Reputation: 7243
I have to program in Assembly (MIPS) a function to return the max value of an array.
The C code is this:
#include <stdio.h>
#include <stdlib.h>
int MaxAssembly(int *ptr, int num_elements);
int main ( )
{
int n=9;
int tab[] = {2, -8, 0, 25, 14, 2, 9, 15, -32};
printf("The maximum is %d \n", MaxAssembly(tab,n));
MaxAssembly
is the function I have to program in Assembly.

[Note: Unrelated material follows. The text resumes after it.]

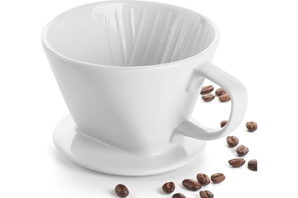 Ceramic Slow Brewing Accessories for Home, Cafe, Restaurants - Easy Manual Brew Maker Gift - Strong Flavor Brewer - V02 Paper Cone Filters - White, 2 Cup

I'm not in the part to find the max. My problem in in reading the functions arguments. I have made this code to do some tests.
.data
.text
.globl MaxAssembly
MaxAssembly:
add $9,$5,$zero
move $2,$9
jr $ra
Doing this code I can see that I'm reading the second function argument as expected. It's printed on the screen The maximum is 9
Changing the code to:
.data
.text
.globl MaxAssembly
MaxAssembly:
move $2,$4
jr $ra
I can see that it's reading the first argument of the function as a memory address and it's printed on the screen The maximum is 2143429780
. So far is working as expected.
The problem is when I try to read the element stored at that memory address (the first element of the array). I'm getting one segmentation fault... I'm doing this:
.data
.text
.globl MaxAssembly
MaxAssembly:
lw $16,0($4)
move $2,$16
jr $ra
What am I doing wrong? wasn't lw
supposed to store at $16
the first item of the array? Using lb
is the same
Upvotes: 3
Views: 11847
Reputation: 2143
Yes, lw $s0, 0($a0)
will read a full word from the address in $a0
to $s0
. Unlike, lb, memory access via lw must use word-aligned addresses (i.e., two LSB are zero). I suspect that's where the problem occur.